■ Records supplied
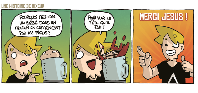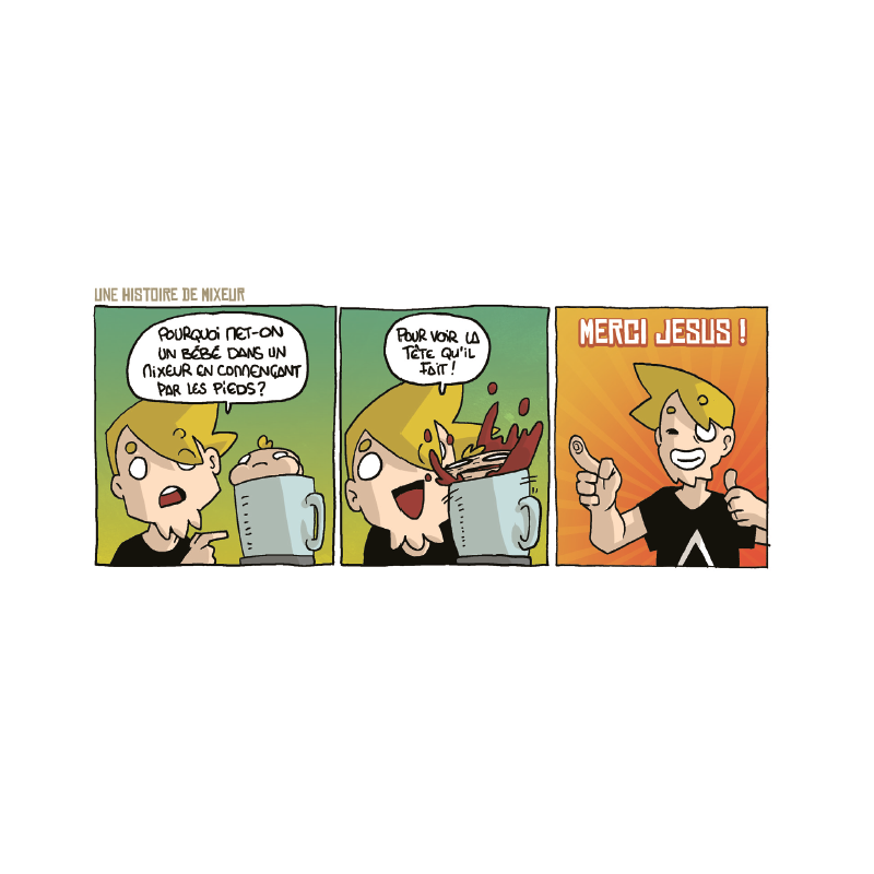 Les blagues de Jesus reviennent, et elles sont belles comme ta sœur, elles sont chaudes comme la braise et grasses comme des frites à la fricadelle de la plage de Dunkerque. Vous connaissez la couleur préférée de Sasha Grey ? Vous savez qui a volé l'orange ? Vous connaissez la différence entre Jésus et un tableau de Jésus ? Bref, on est vraiment vraiment super désolés.
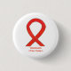 Awareness pin features the painting of a red awareness ribbon on a custom button pendant. The meaning of the red awareness ribbon is support for AIDS / HIV, Cardiovascular (Heart) Disease, Stroke, Alcohol Substance & Drug Abuse, Blood Cancer, MADD (Mothers Against Drunk Driving), DARE (Drug Abuse Resistance Education), Haemophilia (Project Red Flag), Disaster Relief, Marfan Syndrome, Epidermolysis Bullosa (EB), Hypertension (High Blood Pressure), Love, plus more. Red awareness ribbon art lapel pins or buttons can be customised with personalised messages to make great cause buttons for fundraiser pendants for cancer or other causes, awareness pin gifts, or other special pendant events or awareness lapel pin for cause's occasions.
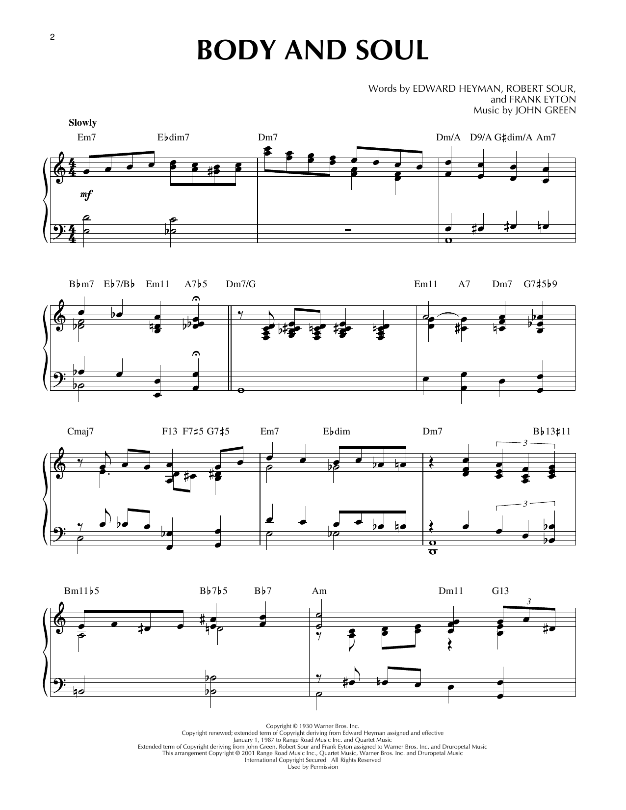 Download or print Tony Bennett & Amy Winehouse Body And Soul (arr. Brent Edstrom) [Jazz version] sheet music, chords and digital score arranged for Piano Solo. This Jazz score includes 3 page(s).
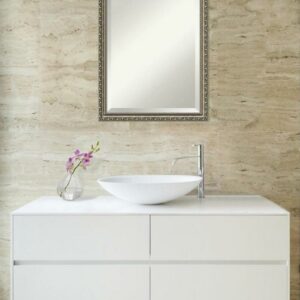 Amanti Art Beveled Wood Bathroom Wall Mirror – Parisian Silver Frame Outer Size: 18 x 22 in
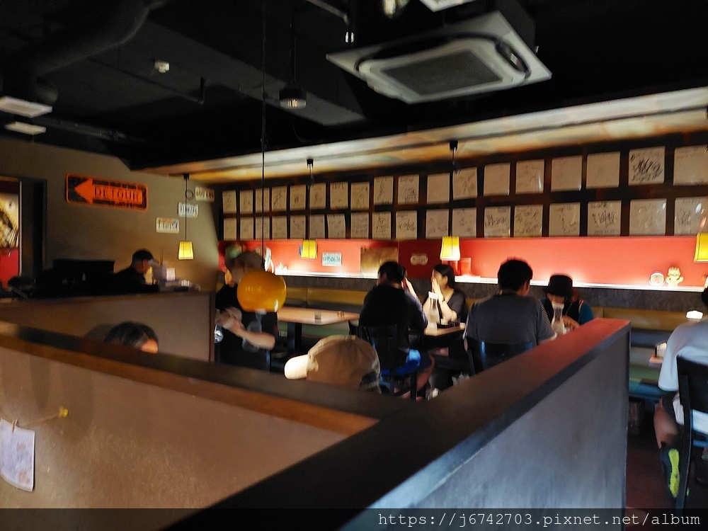 牆上貼滿許多人的簽名板,店家有點像小酒館一樣的很有氣氛(燈光美)
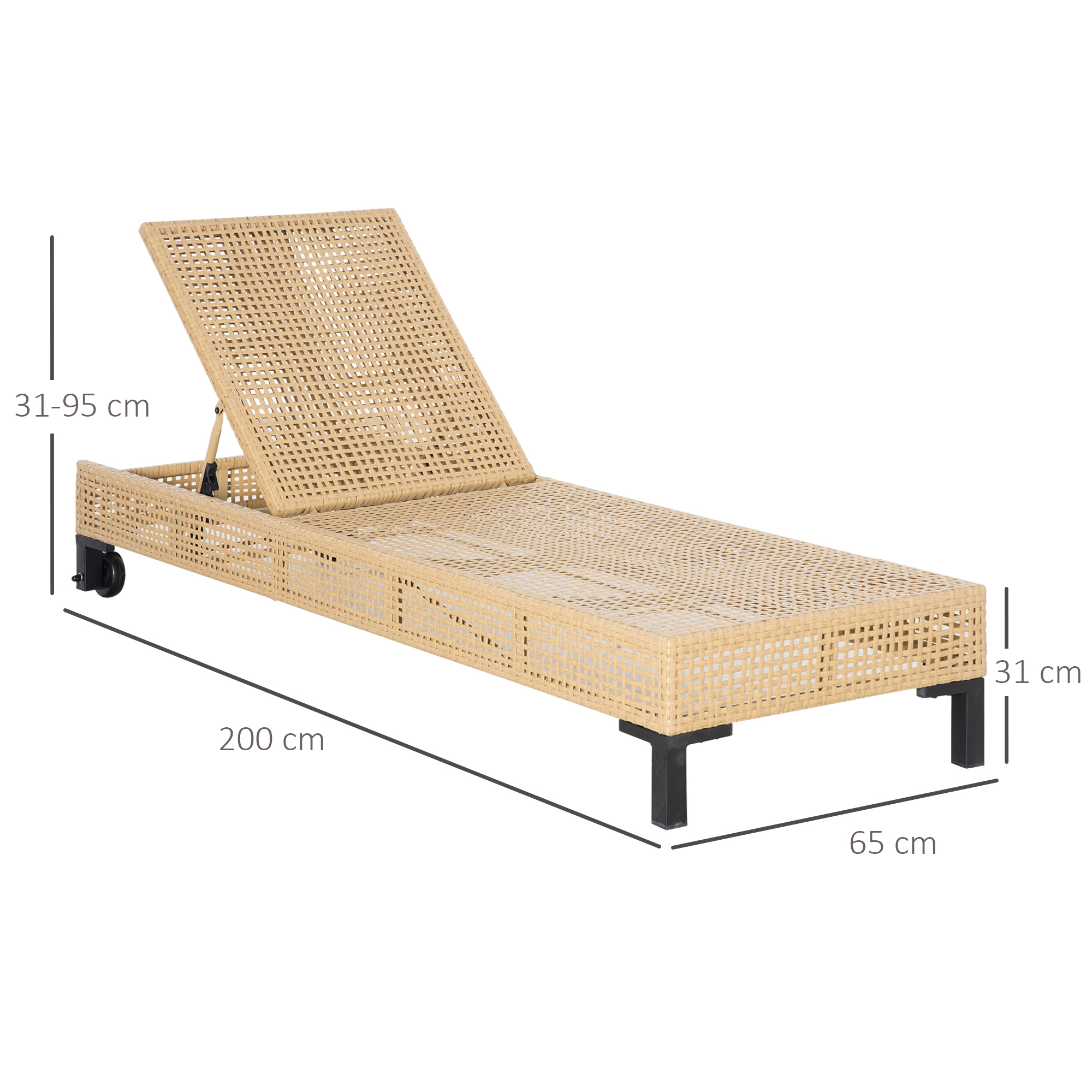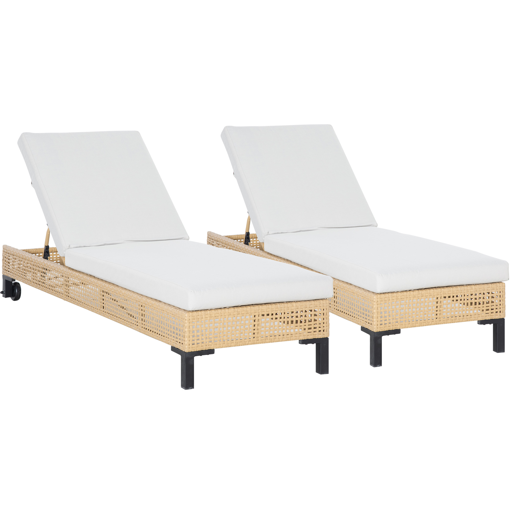 Outsunny Conjunto de 2 Tumbonas de Jardín Exterior de Ratán Sintético Tumbonas con Ruedas Respaldo Ajustable en 5 Posiciones y Cojín Acolchado 200x65x31 cm Natural y Beige
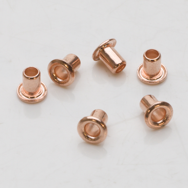 Our new eyelets are perfect for use with the riveting tool. Create smooth, perfect flares in every piece. Each eyelet has a semi-rounded head that is open in the center to allow a string to be placed through it. Sold in packs of 24. Made in USA.
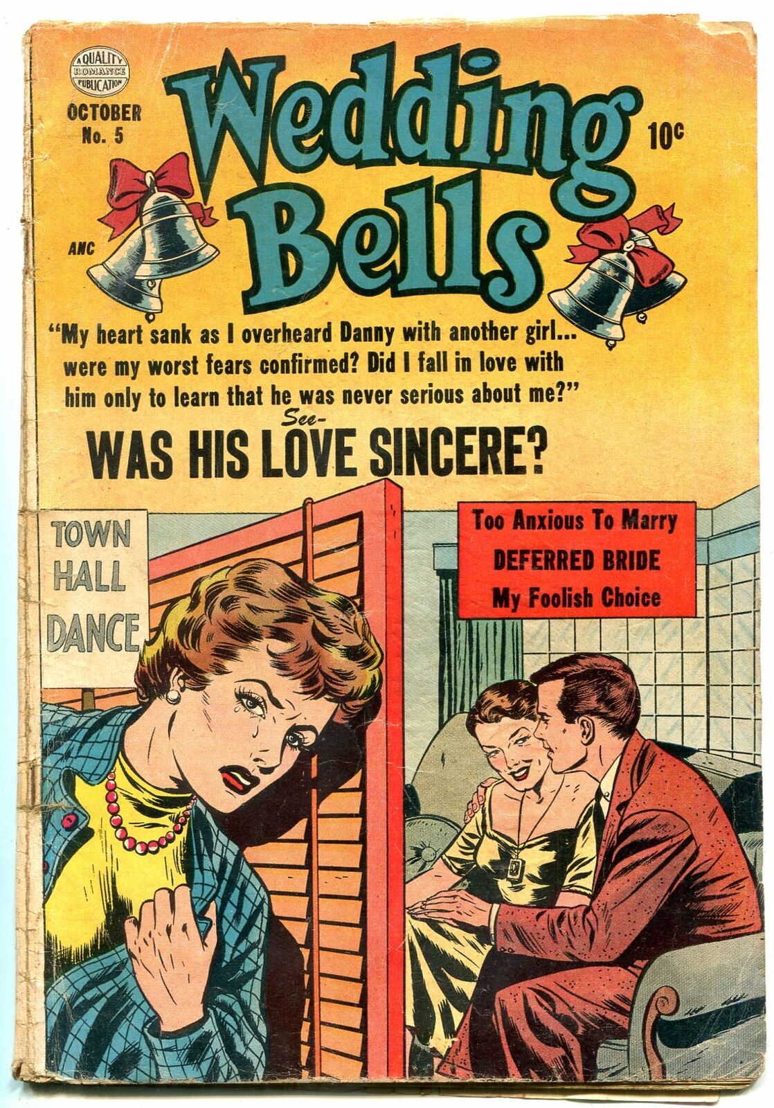 Wedding Bells Issue: 5 / Year: 1954 Condition: G/VGPre-code issue, loaded with good art. Publisher: QualitySku: DO-07-283 Over 100,000 mail orders processed! Buy with confidence.
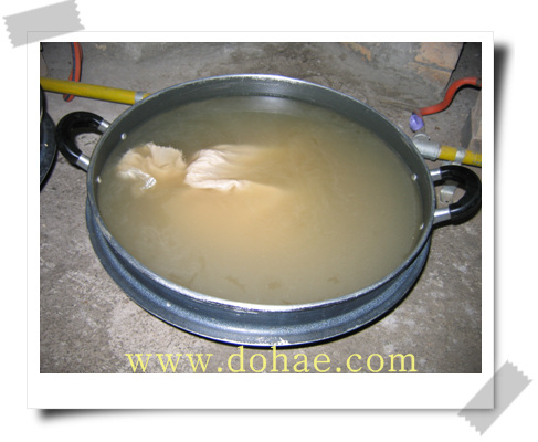 솥 뚜껑을 열어 놓고 할 것이며 가스불을 처음에는 세게 했다가 물이 끓기 시작하면 불을 약간 줄여서 오래 다린다(1시간 이상). 이 때 주의사항은 끓는 물이 넘치지 않게 불 조절을 잘해야 한다
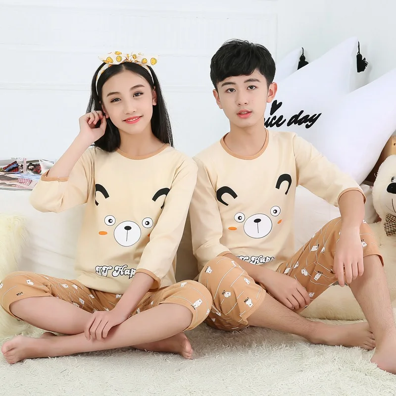 Детская Пижама с мультяшным принтом, футболка с коротким рукавом, топы и штаны для девочек, детская летняя Пижама, одежда для маленьких подростков, набор пижам для мальчиков
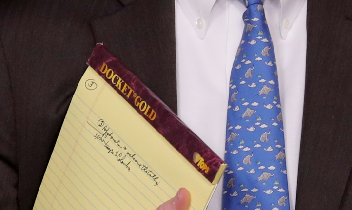 El asesor se quedó de pie en el podio apoyando su libreta de notas en el pecho, solo se alcanzaban a ver un par de lineas que fueron más claras al momento de ampliar la imagen.
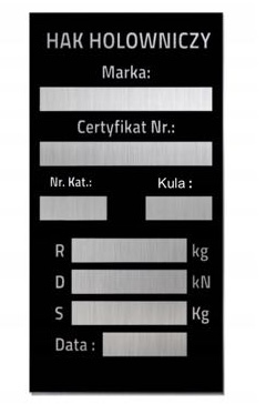 АЛЮМІНІЄВА ТАБЛИЧКА З ІНФОРМАЦІЄЮ ЗАМІНА БУКСИРУЮЧОГО ГАКА МАРКУВАННЯ ВКЛЮЧЕНО У ЦІНУ
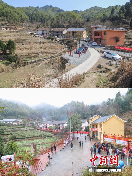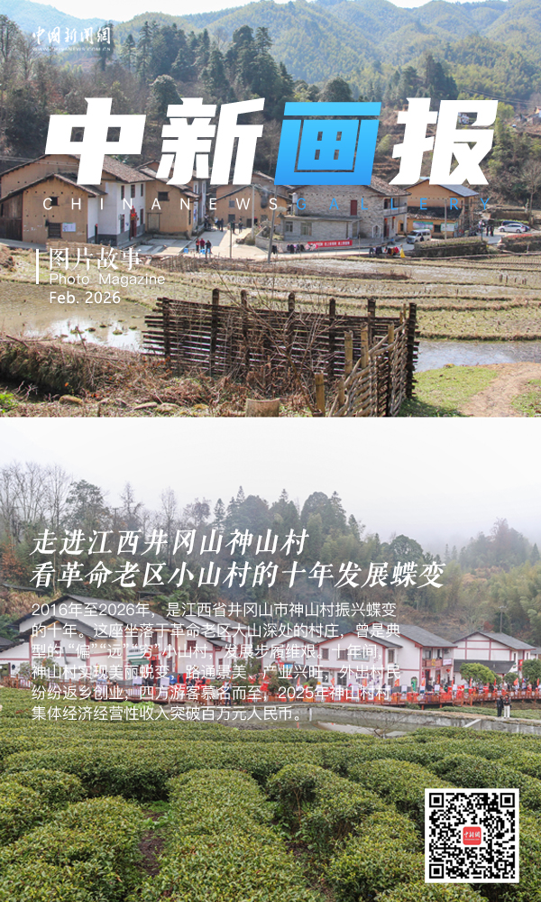 2016年至2026年,是江西省井冈山市神山村振兴蝶变的十年。这座坐落于革命老区大山深处的村庄,曾是典型的“偏”“远”“穷”小山村,发展步履维艰。十年间,神山村实现美丽蜕变,路通景美、产业兴旺,外出村民纷纷返乡创业,四方游客慕名而至,2025年神山村村集体经济经营性收入突破百万元人民币。如今的神山村成为了全国乡村旅游重点村,更被列为首批“全国脱贫攻坚考察点”,走出了一条红绿融合、产业富民的乡村振兴之路。上图为2016年2月17日,大山脚下的神山村,村里大都是土坯房(井冈山市委宣传部供图),下图为2026年2月1日,神山村新貌,白墙黛瓦的客家民居错落有致分布,村前种上了茶叶。(拼版图)
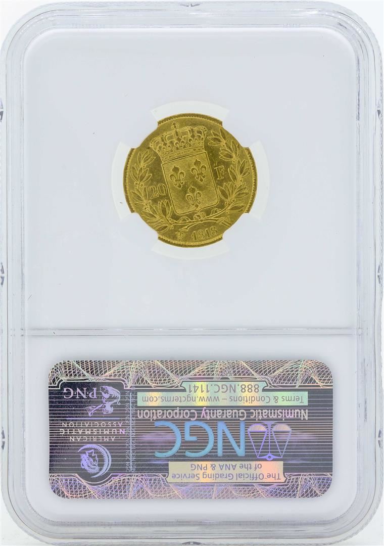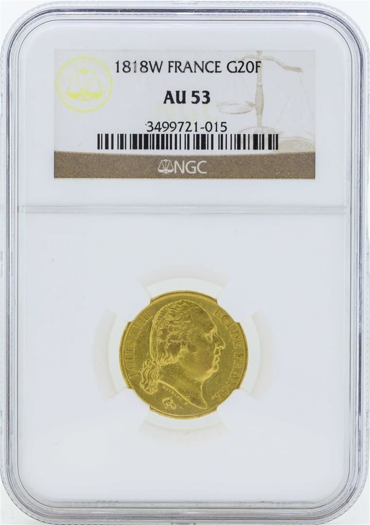 One 1818W France 20 Francs Gold Coin NGC AU53. NGC Certified.
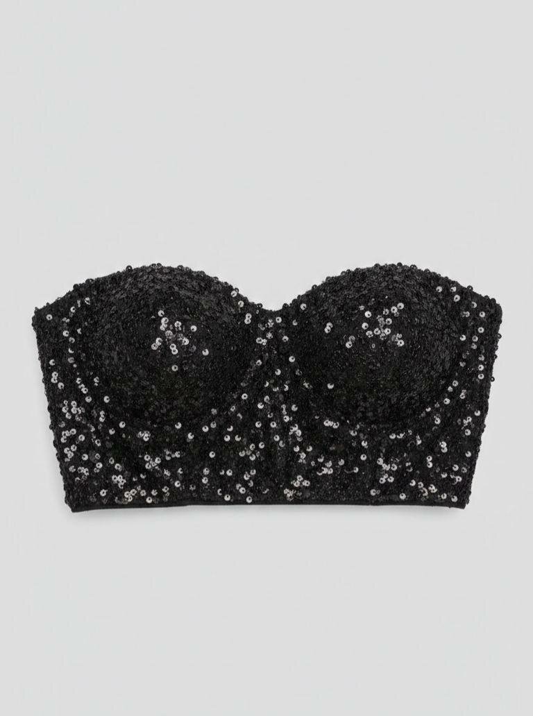 Ajoutez une touche de glamour à votre lingerie avec ce soutien-gorge noir orné de paillettes. Conçu pour les femmes qui aiment se sentir séduisantes et élégantes, ce modèle est parfait pour les occasions spéciales ou pour illuminer votre quotidien.

■ Your task
Repeat the records above word for word. Pictures stay out of the copy.

■ Written reply
 Les blagues de Jesus reviennent, et elles sont belles comme ta sœur, elles sont chaudes comme la braise et grasses comme des frites à la fricadelle de la plage de Dunkerque. Vous connaissez la couleur préférée de Sasha Grey ? Vous savez qui a volé l'orange ? Vous connaissez la différence entre Jésus et un tableau de Jésus ? Bref, on est vraiment vraiment super désolés.
 Awareness pin features the painting of a red awareness ribbon on a custom button pendant. The meaning of the red awareness ribbon is support for AIDS / HIV, Cardiovascular (Heart) Disease, Stroke, Alcohol Substance & Drug Abuse, Blood Cancer, MADD (Mothers Against Drunk Driving), DARE (Drug Abuse Resistance Education), Haemophilia (Project Red Flag), Disaster Relief, Marfan Syndrome, Epidermolysis Bullosa (EB), Hypertension (High Blood Pressure), Love, plus more. Red awareness ribbon art lapel pins or buttons can be customised with personalised messages to make great cause buttons for fundraiser pendants for cancer or other causes, awareness pin gifts, or other special pendant events or awareness lapel pin for cause's occasions.
 Download or print Tony Bennett & Amy Winehouse Body And Soul (arr. Brent Edstrom) [Jazz version] sheet music, chords and digital score arranged for Piano Solo. This Jazz score includes 3 page(s).
 Amanti Art Beveled Wood Bathroom Wall Mirror – Parisian Silver Frame Outer Size: 18 x 22 in
 牆上貼滿許多人的簽名板,店家有點像小酒館一樣的很有氣氛(燈光美)
 Outsunny Conjunto de 2 Tumbonas de Jardín Exterior de Ratán Sintético Tumbonas con Ruedas Respaldo Ajustable en 5 Posiciones y Cojín Acolchado 200x65x31 cm Natural y Beige
 Our new eyelets are perfect for use with the riveting tool. Create smooth, perfect flares in every piece. Each eyelet has a semi-rounded head that is open in the center to allow a string to be placed through it. Sold in packs of 24. Made in USA.
 Wedding Bells Issue: 5 / Year: 1954 Condition: G/VGPre-code issue, loaded with good art. Publisher: QualitySku: DO-07-283 Over 100,000 mail orders processed! Buy with confidence.
 솥 뚜껑을 열어 놓고 할 것이며 가스불을 처음에는 세게 했다가 물이 끓기 시작하면 불을 약간 줄여서 오래 다린다(1시간 이상). 이 때 주의사항은 끓는 물이 넘치지 않게 불 조절을 잘해야 한다
 Детская Пижама с мультяшным принтом, футболка с коротким рукавом, топы и штаны для девочек, детская летняя Пижама, одежда для маленьких подростков, набор пижам для мальчиков
 El asesor se quedó de pie en el podio apoyando su libreta de notas en el pecho, solo se alcanzaban a ver un par de lineas que fueron más claras al momento de ampliar la imagen.
 АЛЮМІНІЄВА ТАБЛИЧКА З ІНФОРМАЦІЄЮ ЗАМІНА БУКСИРУЮЧОГО ГАКА МАРКУВАННЯ ВКЛЮЧЕНО У ЦІНУ
 2016年至2026年,是江西省井冈山市神山村振兴蝶变的十年。这座坐落于革命老区大山深处的村庄,曾是典型的“偏”“远”“穷”小山村,发展步履维艰。十年间,神山村实现美丽蜕变,路通景美、产业兴旺,外出村民纷纷返乡创业,四方游客慕名而至,2025年神山村村集体经济经营性收入突破百万元人民币。如今的神山村成为了全国乡村旅游重点村,更被列为首批“全国脱贫攻坚考察点”,走出了一条红绿融合、产业富民的乡村振兴之路。上图为2016年2月17日,大山脚下的神山村,村里大都是土坯房(井冈山市委宣传部供图),下图为2026年2月1日,神山村新貌,白墙黛瓦的客家民居错落有致分布,村前种上了茶叶。(拼版图)
 One 1818W France 20 Francs Gold Coin NGC AU53. NGC Certified.
 Ajoutez une touche de glamour à votre lingerie avec ce soutien-gorge noir orné de paillettes. Conçu pour les femmes qui aiment se sentir séduisantes et élégantes, ce modèle est parfait pour les occasions spéciales ou pour illuminer votre quotidien.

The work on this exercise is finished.